What is being asked:
Go to the line with "6피스 메쉬 모자(8위안)" in the material below and copy from there through the line with "The California set", exactly. Pictures are not copied.

*** Opening of Data excerpts ***

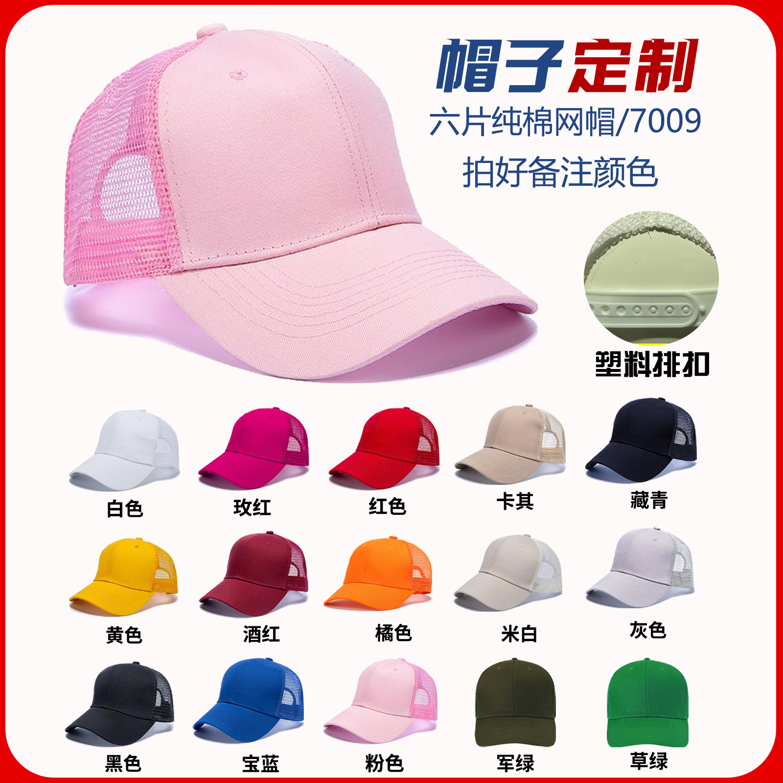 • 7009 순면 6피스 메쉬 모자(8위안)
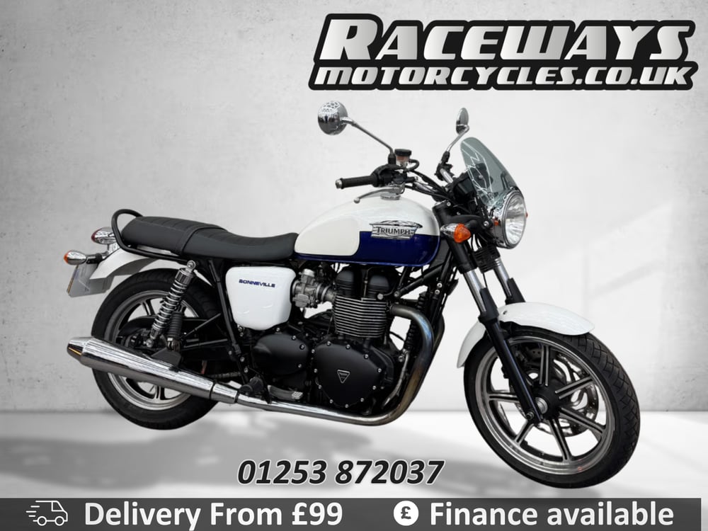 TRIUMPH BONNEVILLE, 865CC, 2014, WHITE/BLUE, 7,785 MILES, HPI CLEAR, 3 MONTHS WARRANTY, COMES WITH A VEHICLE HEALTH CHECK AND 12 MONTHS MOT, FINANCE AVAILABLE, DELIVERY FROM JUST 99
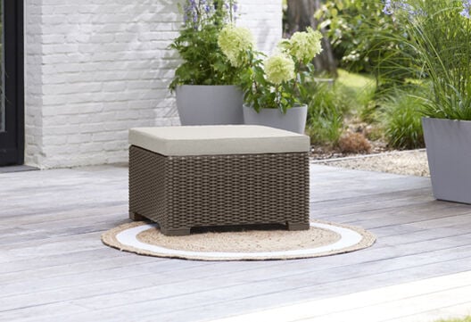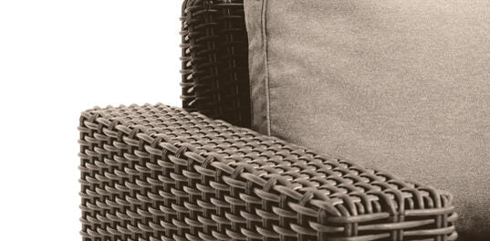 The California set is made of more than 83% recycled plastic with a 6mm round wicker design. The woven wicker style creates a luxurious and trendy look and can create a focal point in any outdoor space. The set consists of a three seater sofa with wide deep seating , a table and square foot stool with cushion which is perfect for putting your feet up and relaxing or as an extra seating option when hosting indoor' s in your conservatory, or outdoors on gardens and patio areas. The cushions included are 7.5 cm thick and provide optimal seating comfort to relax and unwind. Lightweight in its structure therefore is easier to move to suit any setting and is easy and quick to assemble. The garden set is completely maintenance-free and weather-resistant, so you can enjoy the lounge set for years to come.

*** Close of Data excerpts ***
*** Opening of Data excerpts ***

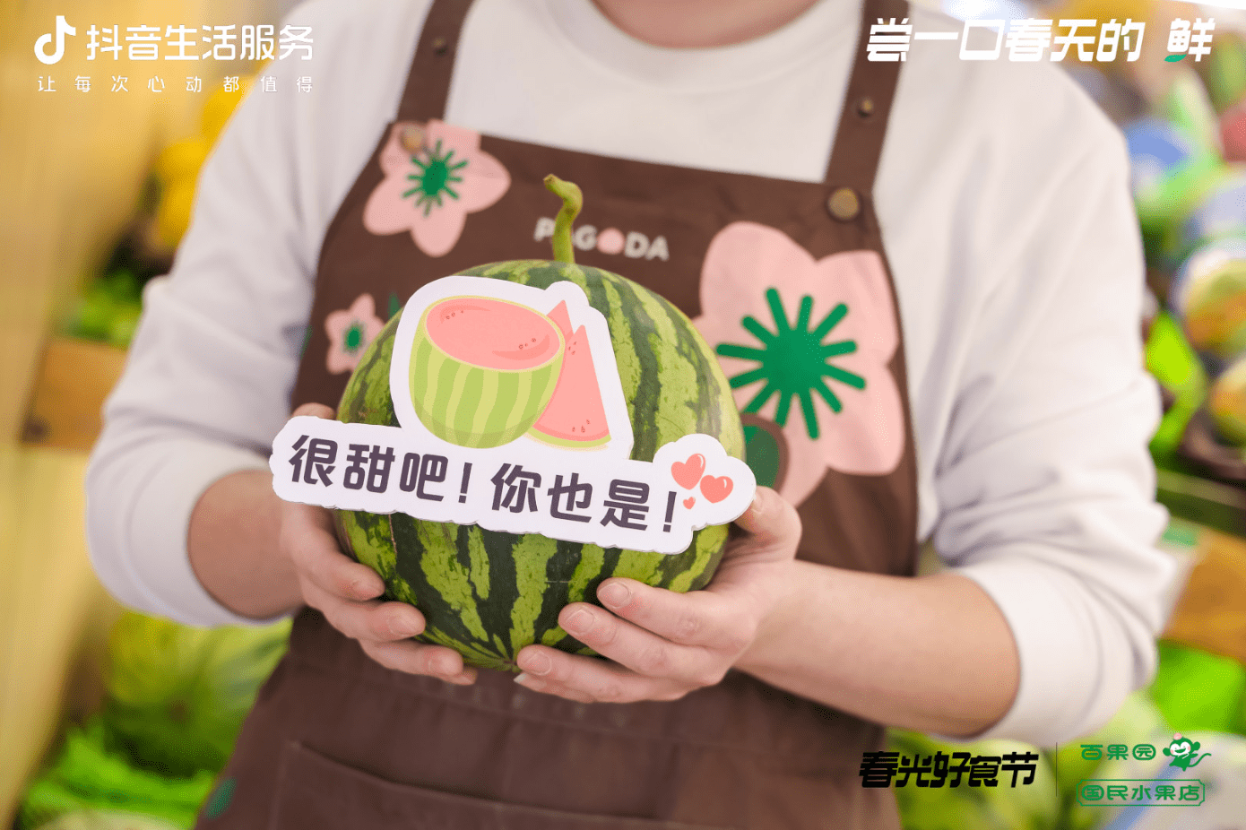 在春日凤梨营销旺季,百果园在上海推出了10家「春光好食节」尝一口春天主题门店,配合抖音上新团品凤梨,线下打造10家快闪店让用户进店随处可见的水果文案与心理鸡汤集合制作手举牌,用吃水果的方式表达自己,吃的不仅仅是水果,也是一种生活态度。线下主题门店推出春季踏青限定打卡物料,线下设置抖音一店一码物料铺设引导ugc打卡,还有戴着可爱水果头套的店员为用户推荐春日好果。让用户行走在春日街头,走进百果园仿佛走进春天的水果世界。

*** Close of Data excerpts ***
*** Opening of Data excerpts ***

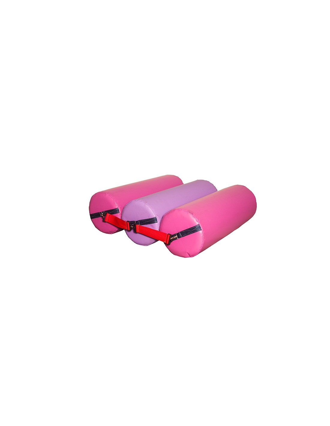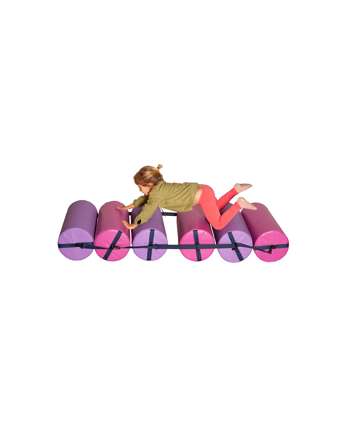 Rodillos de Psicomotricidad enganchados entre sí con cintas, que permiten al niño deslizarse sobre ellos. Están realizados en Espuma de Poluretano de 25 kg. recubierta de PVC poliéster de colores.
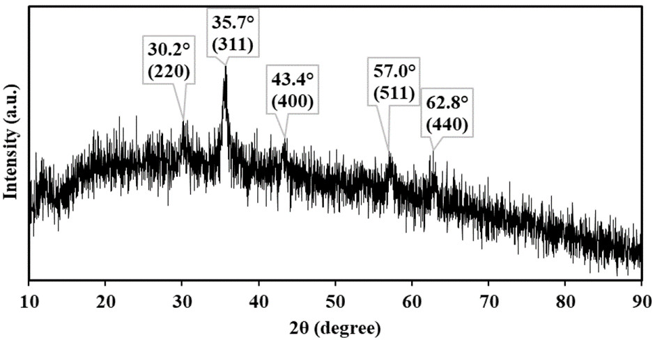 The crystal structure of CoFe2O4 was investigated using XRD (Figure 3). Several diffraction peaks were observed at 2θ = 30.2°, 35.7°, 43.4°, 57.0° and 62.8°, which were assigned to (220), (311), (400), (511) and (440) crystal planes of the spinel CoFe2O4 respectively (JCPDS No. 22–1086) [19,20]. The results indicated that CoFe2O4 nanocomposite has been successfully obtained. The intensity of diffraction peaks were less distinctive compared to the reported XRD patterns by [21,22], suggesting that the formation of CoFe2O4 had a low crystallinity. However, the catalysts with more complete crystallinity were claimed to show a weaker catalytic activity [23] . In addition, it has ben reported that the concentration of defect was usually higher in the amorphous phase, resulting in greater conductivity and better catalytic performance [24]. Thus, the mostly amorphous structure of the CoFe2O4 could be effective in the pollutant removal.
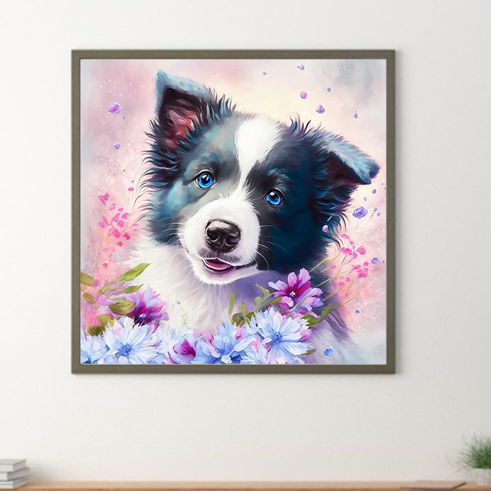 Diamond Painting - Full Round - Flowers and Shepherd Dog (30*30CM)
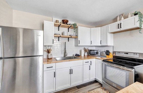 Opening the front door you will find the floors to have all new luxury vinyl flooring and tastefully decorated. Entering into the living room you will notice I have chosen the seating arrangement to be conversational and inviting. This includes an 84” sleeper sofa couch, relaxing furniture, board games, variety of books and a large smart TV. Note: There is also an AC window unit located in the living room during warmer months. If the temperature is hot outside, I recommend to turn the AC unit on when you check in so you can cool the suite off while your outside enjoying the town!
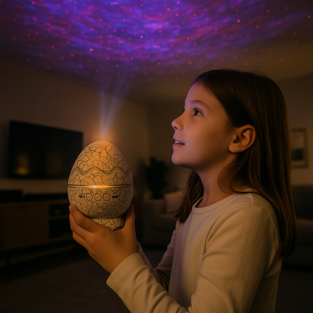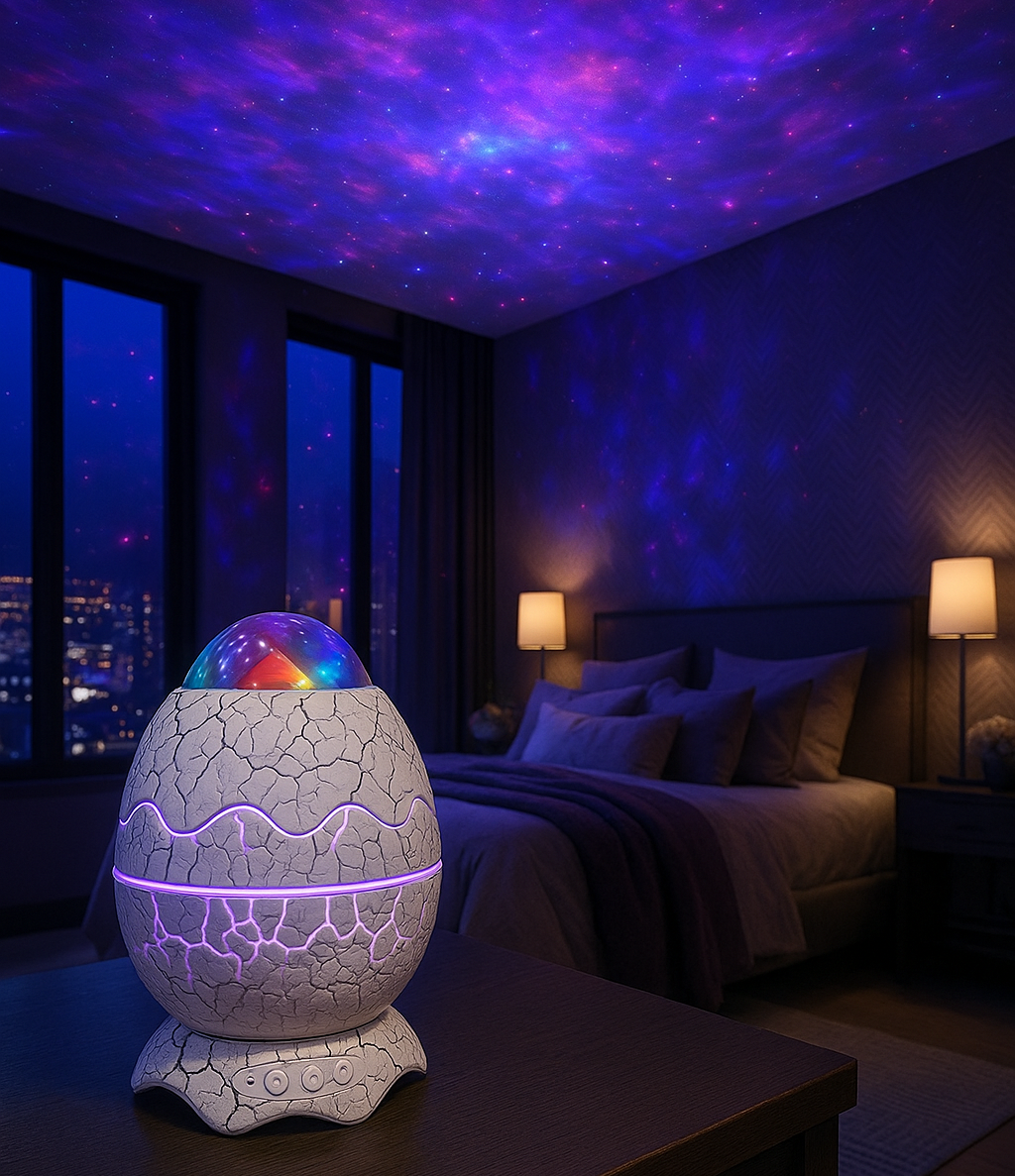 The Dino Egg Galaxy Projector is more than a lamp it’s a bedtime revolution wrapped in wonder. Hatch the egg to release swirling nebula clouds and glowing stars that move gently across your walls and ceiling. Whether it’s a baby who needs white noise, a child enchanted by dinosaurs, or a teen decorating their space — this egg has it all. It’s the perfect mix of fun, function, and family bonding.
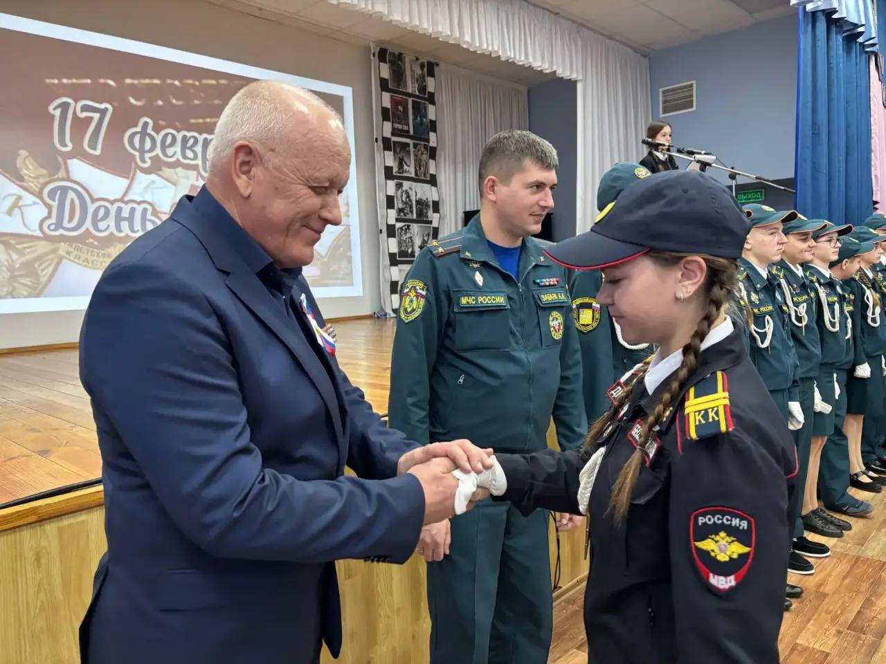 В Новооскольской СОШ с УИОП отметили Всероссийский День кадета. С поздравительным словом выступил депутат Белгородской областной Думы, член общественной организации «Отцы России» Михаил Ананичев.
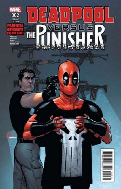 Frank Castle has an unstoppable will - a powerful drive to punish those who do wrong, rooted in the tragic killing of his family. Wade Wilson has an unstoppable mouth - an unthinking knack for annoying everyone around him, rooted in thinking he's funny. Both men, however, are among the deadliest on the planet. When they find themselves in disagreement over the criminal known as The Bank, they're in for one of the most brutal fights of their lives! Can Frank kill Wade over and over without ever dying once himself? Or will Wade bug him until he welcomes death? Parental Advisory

*** Close of Data excerpts ***

Response:
 • 7009 순면 6피스 메쉬 모자(8위안)
 TRIUMPH BONNEVILLE, 865CC, 2014, WHITE/BLUE, 7,785 MILES, HPI CLEAR, 3 MONTHS WARRANTY, COMES WITH A VEHICLE HEALTH CHECK AND 12 MONTHS MOT, FINANCE AVAILABLE, DELIVERY FROM JUST 99
 The California set is made of more than 83% recycled plastic with a 6mm round wicker design. The woven wicker style creates a luxurious and trendy look and can create a focal point in any outdoor space. The set consists of a three seater sofa with wide deep seating , a table and square foot stool with cushion which is perfect for putting your feet up and relaxing or as an extra seating option when hosting indoor' s in your conservatory, or outdoors on gardens and patio areas. The cushions included are 7.5 cm thick and provide optimal seating comfort to relax and unwind. Lightweight in its structure therefore is easier to move to suit any setting and is easy and quick to assemble. The garden set is completely maintenance-free and weather-resistant, so you can enjoy the lounge set for years to come.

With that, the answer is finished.